- Opening Delimiter -
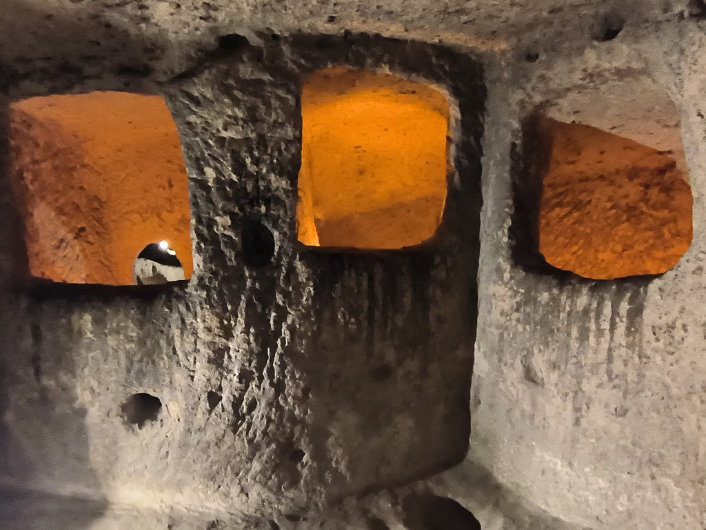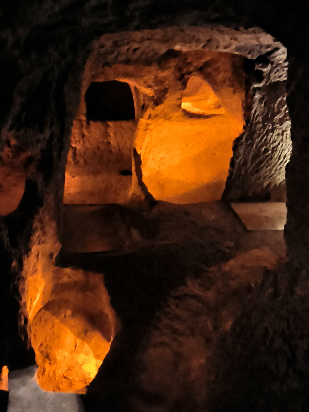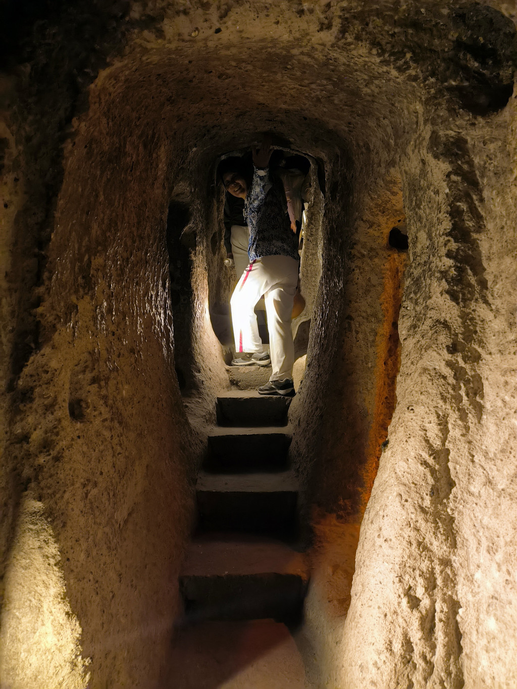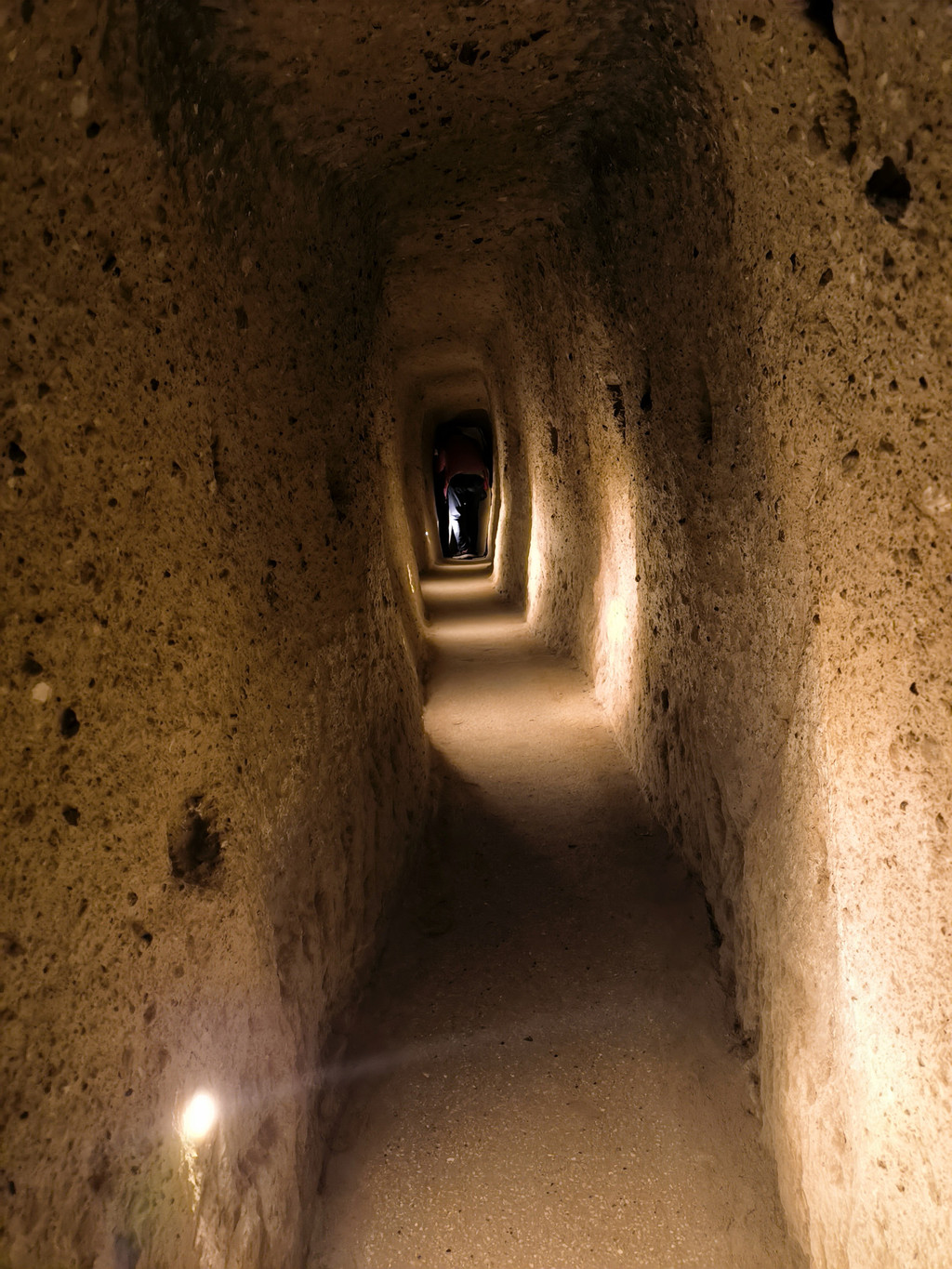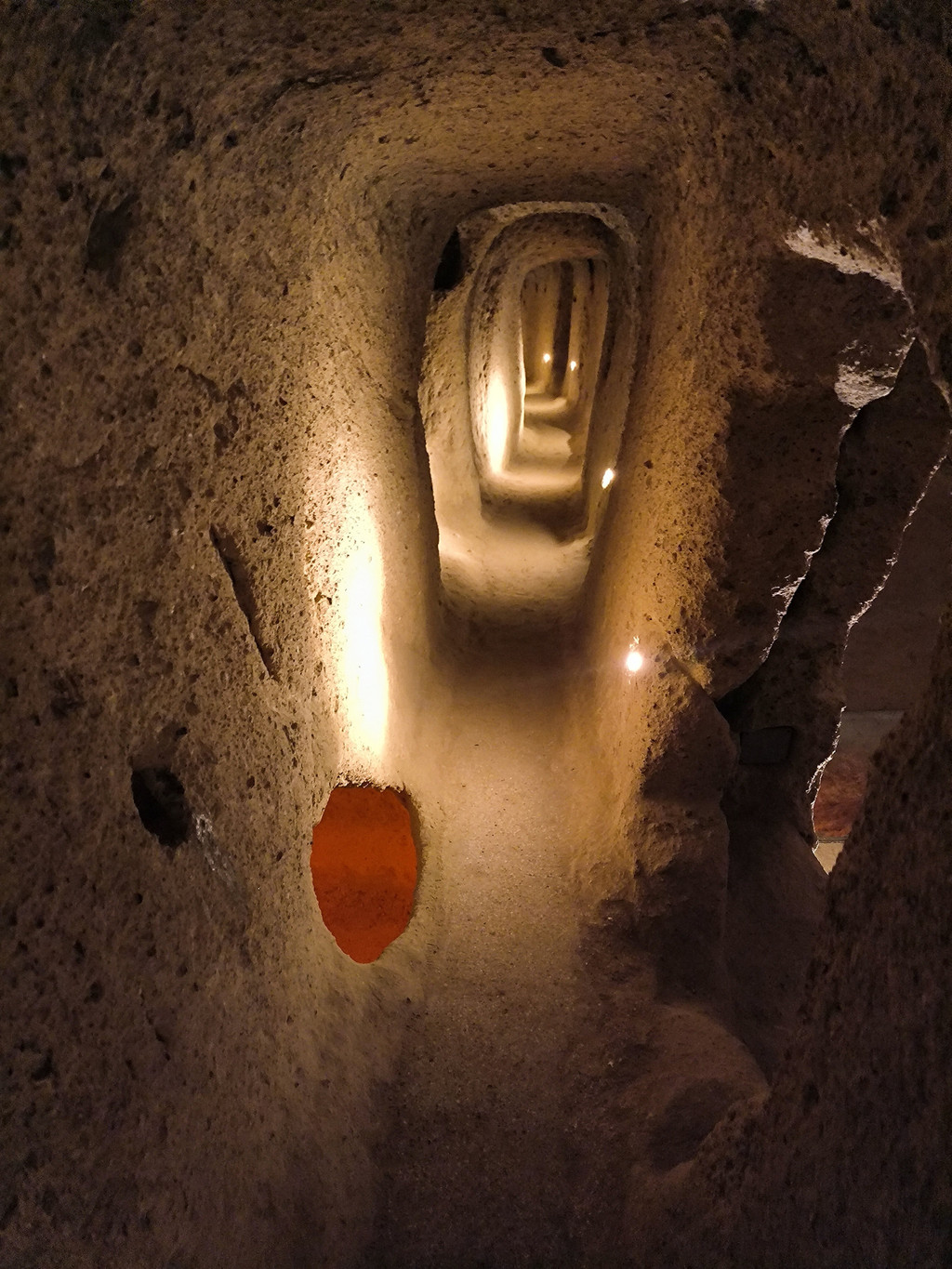 以迷宫一般的隧道而著称,多达8层,深达110米,规模宏大,共有1200间房子,可居住1万多人,不仅有卧室、厨房等生活区域,还有学校、酒窖、教堂等公共场所,各种设施一应俱全,还有完善的通风系统,目前只有上4层对游客开放。地下城的入口一般都很隐蔽,隐藏在村子各处的房屋下面,我们经过盘旋的石梯进入地下,沿着又低又窄的地道下行,大部分只可勉强供一人通过,迂回曲折,纵横交错,很容易迷路,洞壁上会标有红色和蓝色的箭头,顺着一种颜色的箭头走即可,但有些地方只能弯着腰或蹲着前进,我不由得想起了国内的冀中地道战。
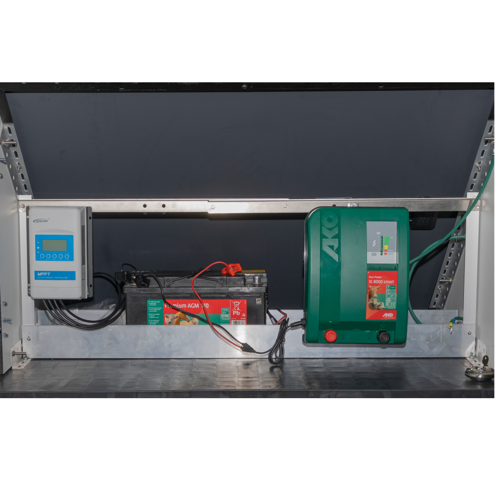 Komplette Solarstation. Ideal für große Weiden ohne Stromanschluss oder auf der Alm. Die komplette Anlage wird fertig montiert auf einer Palette geliefert und muss nur noch mit der Erdung und dem Zaun verbunden werden.
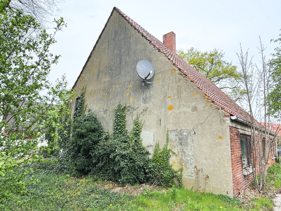 Alternativ ist auch eine Sanierung der kleinen Hofstelle denkbar. Das Wohnhaus ist in einem stark sanierungsbedürftigen Zustand, das Dachgeschoss ist nicht ausgebaut. Angrenzend befindet sich der Stall mit ehemaliger Werkstatt.
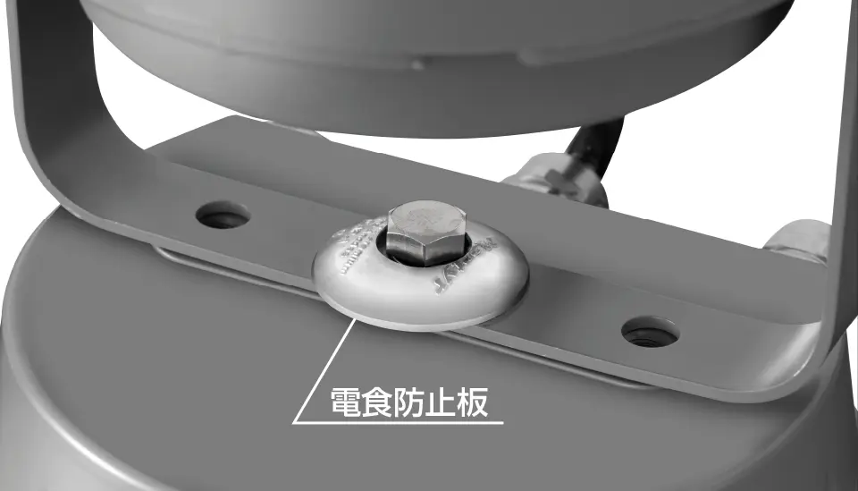 灯具本体、電源ケースに従来のアルミダイカスト“ADC12”の約8倍の耐食性能を有する“ADC6”を採用し、さらに表面に耐食処理を施しています。また、ねじ類は電食防止処理したステンレス製を採用し、かつ、電食防止板を併用することでアルミの腐食を防止する対策を講じているため、長期間の使用※が可能です。
- Closing Delimiter -
- **What is required**
Reproduce the data above without a single change, please, but without its pictures.

- **Problem solution**
 以迷宫一般的隧道而著称,多达8层,深达110米,规模宏大,共有1200间房子,可居住1万多人,不仅有卧室、厨房等生活区域,还有学校、酒窖、教堂等公共场所,各种设施一应俱全,还有完善的通风系统,目前只有上4层对游客开放。地下城的入口一般都很隐蔽,隐藏在村子各处的房屋下面,我们经过盘旋的石梯进入地下,沿着又低又窄的地道下行,大部分只可勉强供一人通过,迂回曲折,纵横交错,很容易迷路,洞壁上会标有红色和蓝色的箭头,顺着一种颜色的箭头走即可,但有些地方只能弯着腰或蹲着前进,我不由得想起了国内的冀中地道战。
 Komplette Solarstation. Ideal für große Weiden ohne Stromanschluss oder auf der Alm. Die komplette Anlage wird fertig montiert auf einer Palette geliefert und muss nur noch mit der Erdung und dem Zaun verbunden werden.
 Alternativ ist auch eine Sanierung der kleinen Hofstelle denkbar. Das Wohnhaus ist in einem stark sanierungsbedürftigen Zustand, das Dachgeschoss ist nicht ausgebaut. Angrenzend befindet sich der Stall mit ehemaliger Werkstatt.
 灯具本体、電源ケースに従来のアルミダイカスト“ADC12”の約8倍の耐食性能を有する“ADC6”を採用し、さらに表面に耐食処理を施しています。また、ねじ類は電食防止処理したステンレス製を採用し、かつ、電食防止板を併用することでアルミの腐食を防止する対策を講じているため、長期間の使用※が可能です。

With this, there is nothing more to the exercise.